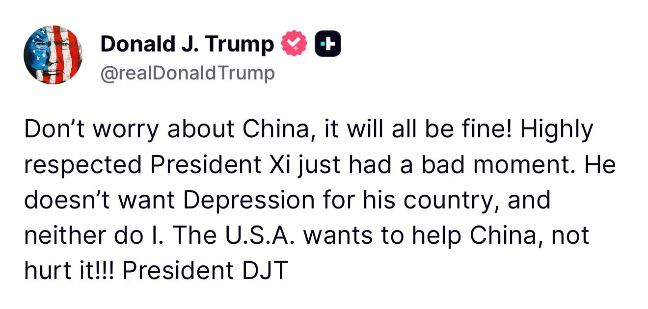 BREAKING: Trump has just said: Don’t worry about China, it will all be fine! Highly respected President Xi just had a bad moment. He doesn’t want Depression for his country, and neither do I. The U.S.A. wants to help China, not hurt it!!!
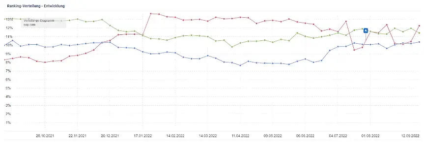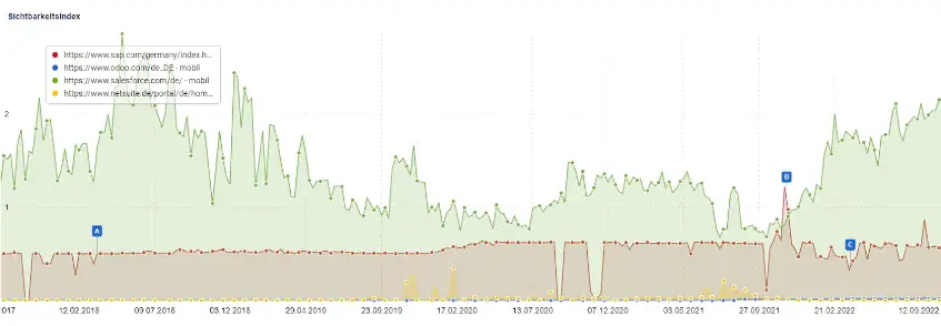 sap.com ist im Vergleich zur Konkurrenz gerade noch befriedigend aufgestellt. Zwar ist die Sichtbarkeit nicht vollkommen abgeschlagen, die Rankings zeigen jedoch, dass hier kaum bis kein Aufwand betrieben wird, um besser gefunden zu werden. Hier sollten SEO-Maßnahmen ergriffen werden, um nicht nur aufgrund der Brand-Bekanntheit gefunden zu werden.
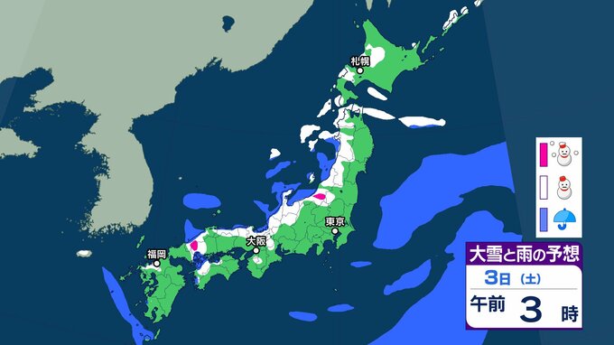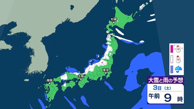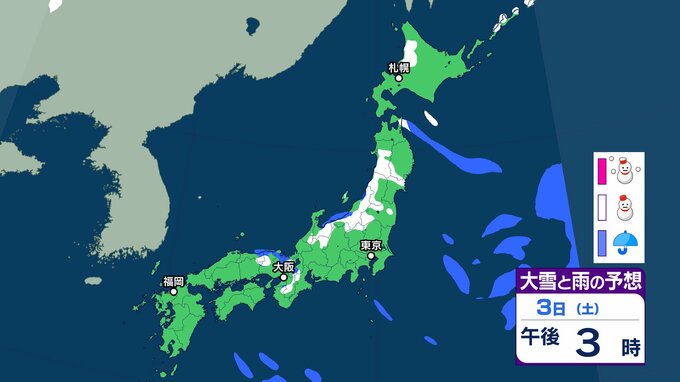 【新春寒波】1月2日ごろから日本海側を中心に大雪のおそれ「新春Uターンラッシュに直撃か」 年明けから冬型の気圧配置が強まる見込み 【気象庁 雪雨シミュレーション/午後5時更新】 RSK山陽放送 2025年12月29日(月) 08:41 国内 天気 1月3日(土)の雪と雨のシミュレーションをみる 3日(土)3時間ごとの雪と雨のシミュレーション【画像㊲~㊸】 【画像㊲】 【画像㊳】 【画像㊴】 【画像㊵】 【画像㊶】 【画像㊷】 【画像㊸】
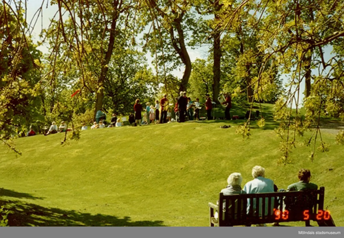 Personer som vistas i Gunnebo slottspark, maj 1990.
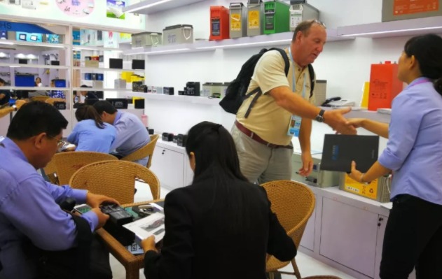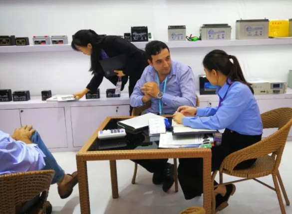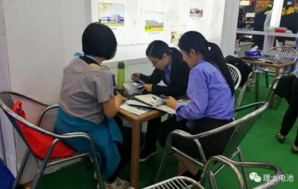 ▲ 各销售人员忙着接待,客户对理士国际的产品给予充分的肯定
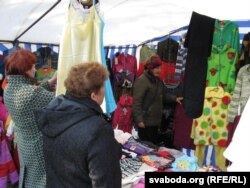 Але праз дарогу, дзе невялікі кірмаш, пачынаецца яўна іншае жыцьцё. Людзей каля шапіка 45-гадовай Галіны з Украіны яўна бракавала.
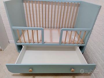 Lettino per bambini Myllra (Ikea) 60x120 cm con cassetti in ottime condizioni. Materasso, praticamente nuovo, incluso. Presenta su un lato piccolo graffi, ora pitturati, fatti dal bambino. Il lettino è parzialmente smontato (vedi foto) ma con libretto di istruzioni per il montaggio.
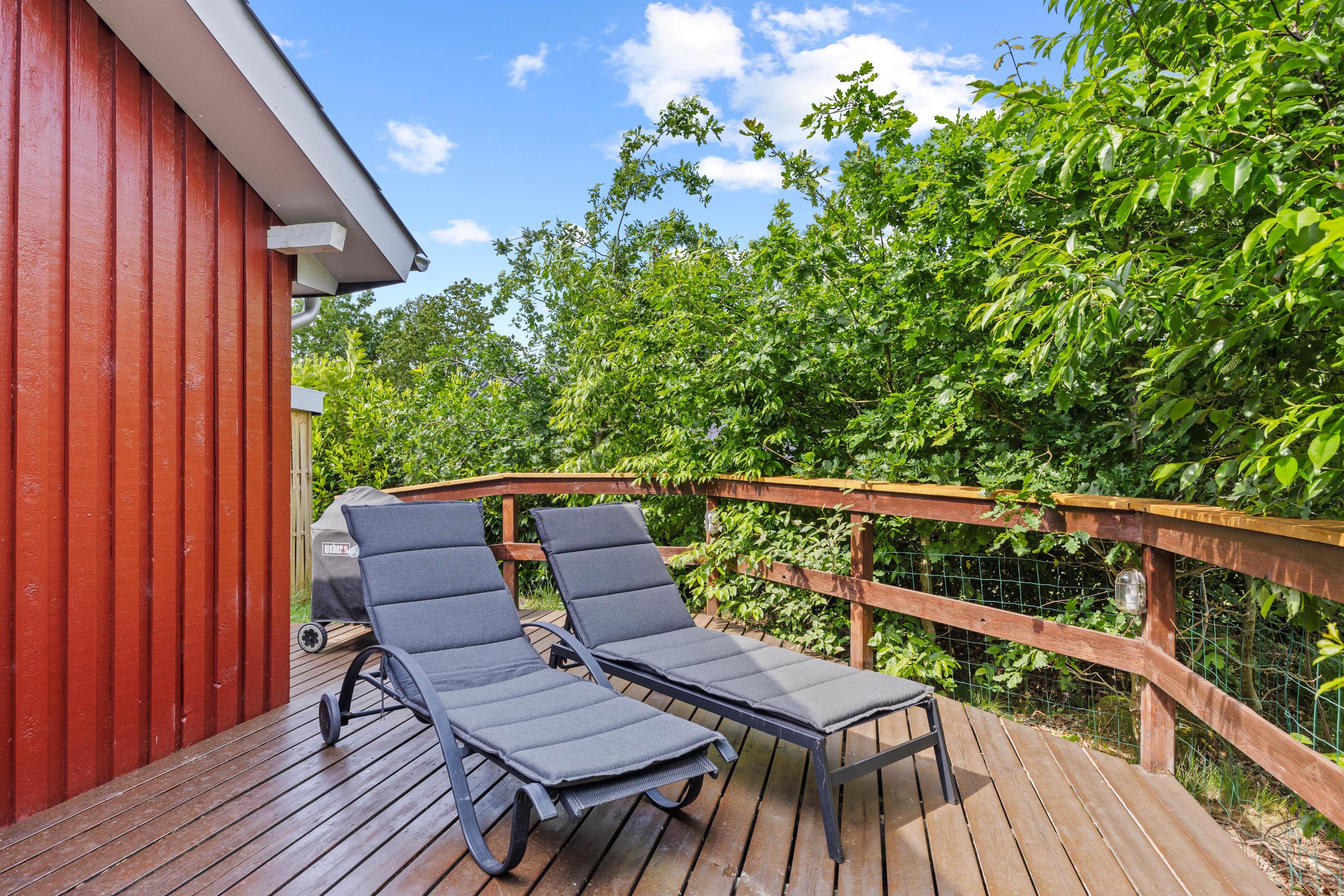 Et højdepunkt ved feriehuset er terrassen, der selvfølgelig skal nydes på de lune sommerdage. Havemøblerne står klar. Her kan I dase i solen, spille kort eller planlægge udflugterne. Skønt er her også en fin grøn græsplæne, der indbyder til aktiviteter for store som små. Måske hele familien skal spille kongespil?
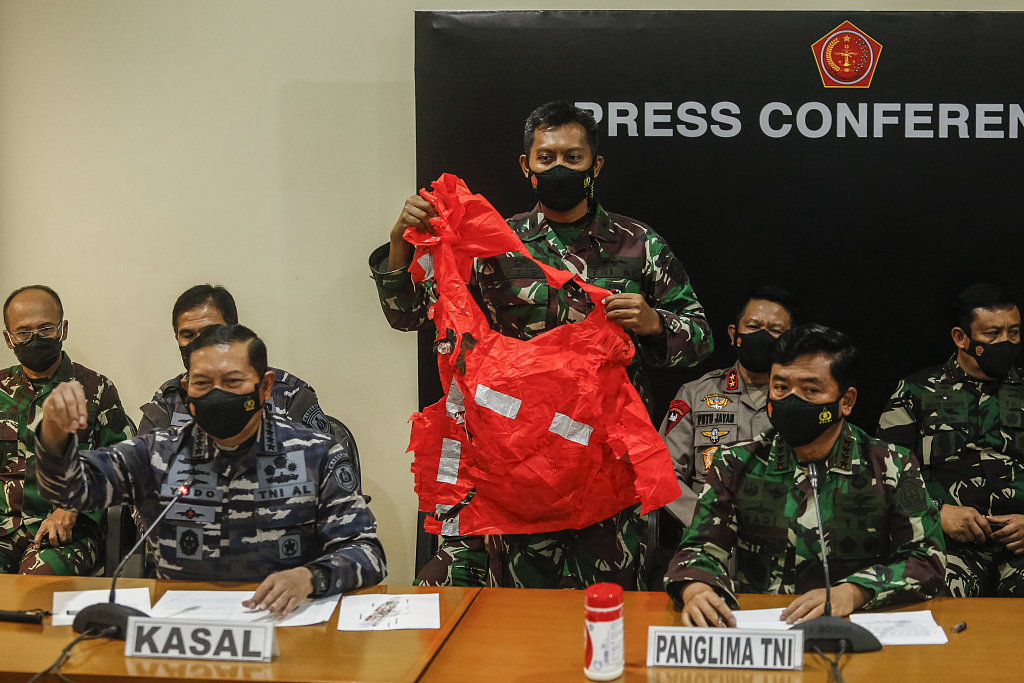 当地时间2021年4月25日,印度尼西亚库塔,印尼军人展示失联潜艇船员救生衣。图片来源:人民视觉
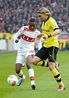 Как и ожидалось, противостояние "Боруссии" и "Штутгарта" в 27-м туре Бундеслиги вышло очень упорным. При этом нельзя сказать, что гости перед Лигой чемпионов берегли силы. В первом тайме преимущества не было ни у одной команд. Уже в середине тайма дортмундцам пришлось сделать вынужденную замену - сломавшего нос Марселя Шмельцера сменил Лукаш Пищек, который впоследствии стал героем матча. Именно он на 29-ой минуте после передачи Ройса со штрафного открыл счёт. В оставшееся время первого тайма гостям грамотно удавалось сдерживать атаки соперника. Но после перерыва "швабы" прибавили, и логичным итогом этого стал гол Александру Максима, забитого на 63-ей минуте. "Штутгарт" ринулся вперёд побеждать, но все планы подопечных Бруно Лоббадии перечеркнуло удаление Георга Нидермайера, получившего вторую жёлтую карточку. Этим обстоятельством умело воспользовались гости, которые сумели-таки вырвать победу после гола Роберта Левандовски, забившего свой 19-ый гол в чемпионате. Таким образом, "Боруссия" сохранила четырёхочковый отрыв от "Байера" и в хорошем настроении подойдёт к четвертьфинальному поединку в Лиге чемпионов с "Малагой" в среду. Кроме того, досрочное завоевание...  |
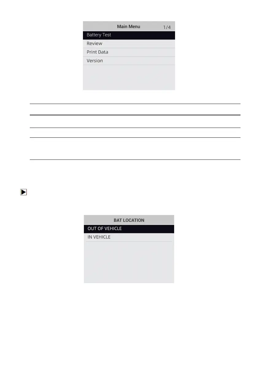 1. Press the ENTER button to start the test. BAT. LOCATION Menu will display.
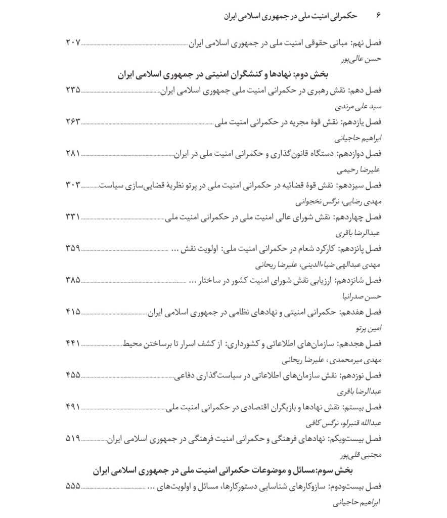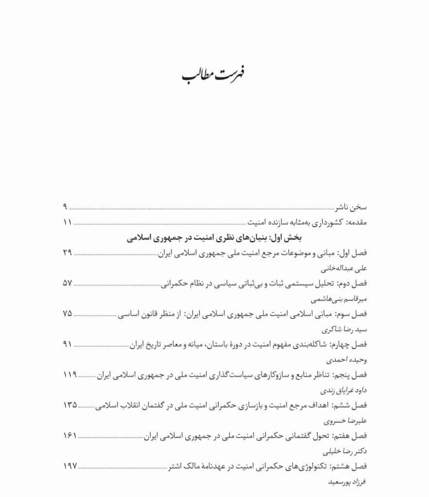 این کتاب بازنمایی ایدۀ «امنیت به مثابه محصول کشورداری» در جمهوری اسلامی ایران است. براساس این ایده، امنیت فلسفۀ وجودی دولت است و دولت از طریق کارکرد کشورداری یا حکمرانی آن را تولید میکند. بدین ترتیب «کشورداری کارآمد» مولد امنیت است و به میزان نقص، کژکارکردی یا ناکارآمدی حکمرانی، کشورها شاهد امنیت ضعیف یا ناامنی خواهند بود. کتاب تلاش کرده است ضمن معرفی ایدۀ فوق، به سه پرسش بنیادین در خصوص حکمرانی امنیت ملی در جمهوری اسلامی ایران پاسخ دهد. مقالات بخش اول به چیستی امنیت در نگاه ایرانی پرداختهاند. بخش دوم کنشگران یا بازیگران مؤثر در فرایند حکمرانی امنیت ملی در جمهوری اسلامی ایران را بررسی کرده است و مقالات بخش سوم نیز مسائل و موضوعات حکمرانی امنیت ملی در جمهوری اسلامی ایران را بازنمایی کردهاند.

REQUIREMENT :: Set the listing down again exactly, skipping each picture.

SOLUTION ::
 BREAKING: Trump has just said: Don’t worry about China, it will all be fine! Highly respected President Xi just had a bad moment. He doesn’t want Depression for his country, and neither do I. The U.S.A. wants to help China, not hurt it!!!
 sap.com ist im Vergleich zur Konkurrenz gerade noch befriedigend aufgestellt. Zwar ist die Sichtbarkeit nicht vollkommen abgeschlagen, die Rankings zeigen jedoch, dass hier kaum bis kein Aufwand betrieben wird, um besser gefunden zu werden. Hier sollten SEO-Maßnahmen ergriffen werden, um nicht nur aufgrund der Brand-Bekanntheit gefunden zu werden.
 【新春寒波】1月2日ごろから日本海側を中心に大雪のおそれ「新春Uターンラッシュに直撃か」 年明けから冬型の気圧配置が強まる見込み 【気象庁 雪雨シミュレーション/午後5時更新】 RSK山陽放送 2025年12月29日(月) 08:41 国内 天気 1月3日(土)の雪と雨のシミュレーションをみる 3日(土)3時間ごとの雪と雨のシミュレーション【画像㊲~㊸】 【画像㊲】 【画像㊳】 【画像㊴】 【画像㊵】 【画像㊶】 【画像㊷】 【画像㊸】
 Personer som vistas i Gunnebo slottspark, maj 1990.
 ▲ 各销售人员忙着接待,客户对理士国际的产品给予充分的肯定
 Але праз дарогу, дзе невялікі кірмаш, пачынаецца яўна іншае жыцьцё. Людзей каля шапіка 45-гадовай Галіны з Украіны яўна бракавала.
 Lettino per bambini Myllra (Ikea) 60x120 cm con cassetti in ottime condizioni. Materasso, praticamente nuovo, incluso. Presenta su un lato piccolo graffi, ora pitturati, fatti dal bambino. Il lettino è parzialmente smontato (vedi foto) ma con libretto di istruzioni per il montaggio.
 Et højdepunkt ved feriehuset er terrassen, der selvfølgelig skal nydes på de lune sommerdage. Havemøblerne står klar. Her kan I dase i solen, spille kort eller planlægge udflugterne. Skønt er her også en fin grøn græsplæne, der indbyder til aktiviteter for store som små. Måske hele familien skal spille kongespil?
 当地时间2021年4月25日,印度尼西亚库塔,印尼军人展示失联潜艇船员救生衣。图片来源:人民视觉
 Как и ожидалось, противостояние "Боруссии" и "Штутгарта" в 27-м туре Бундеслиги вышло очень упорным. При этом нельзя сказать, что гости перед Лигой чемпионов берегли силы. В первом тайме преимущества не было ни у одной команд. Уже в середине тайма дортмундцам пришлось сделать вынужденную замену - сломавшего нос Марселя Шмельцера сменил Лукаш Пищек, который впоследствии стал героем матча. Именно он на 29-ой минуте после передачи Ройса со штрафного открыл счёт. В оставшееся время первого тайма гостям грамотно удавалось сдерживать атаки соперника. Но после перерыва "швабы" прибавили, и логичным итогом этого стал гол Александру Максима, забитого на 63-ей минуте. "Штутгарт" ринулся вперёд побеждать, но все планы подопечных Бруно Лоббадии перечеркнуло удаление Георга Нидермайера, получившего вторую жёлтую карточку. Этим обстоятельством умело воспользовались гости, которые сумели-таки вырвать победу после гола Роберта Левандовски, забившего свой 19-ый гол в чемпионате. Таким образом, "Боруссия" сохранила четырёхочковый отрыв от "Байера" и в хорошем настроении подойдёт к четвертьфинальному поединку в Лиге чемпионов с "Малагой" в среду. Кроме того, досрочное завоевание...  |
 1. Press the ENTER button to start the test. BAT. LOCATION Menu will display.
 این کتاب بازنمایی ایدۀ «امنیت به مثابه محصول کشورداری» در جمهوری اسلامی ایران است. براساس این ایده، امنیت فلسفۀ وجودی دولت است و دولت از طریق کارکرد کشورداری یا حکمرانی آن را تولید میکند. بدین ترتیب «کشورداری کارآمد» مولد امنیت است و به میزان نقص، کژکارکردی یا ناکارآمدی حکمرانی، کشورها شاهد امنیت ضعیف یا ناامنی خواهند بود. کتاب تلاش کرده است ضمن معرفی ایدۀ فوق، به سه پرسش بنیادین در خصوص حکمرانی امنیت ملی در جمهوری اسلامی ایران پاسخ دهد. مقالات بخش اول به چیستی امنیت در نگاه ایرانی پرداختهاند. بخش دوم کنشگران یا بازیگران مؤثر در فرایند حکمرانی امنیت ملی در جمهوری اسلامی ایران را بررسی کرده است و مقالات بخش سوم نیز مسائل و موضوعات حکمرانی امنیت ملی در جمهوری اسلامی ایران را بازنمایی کردهاند.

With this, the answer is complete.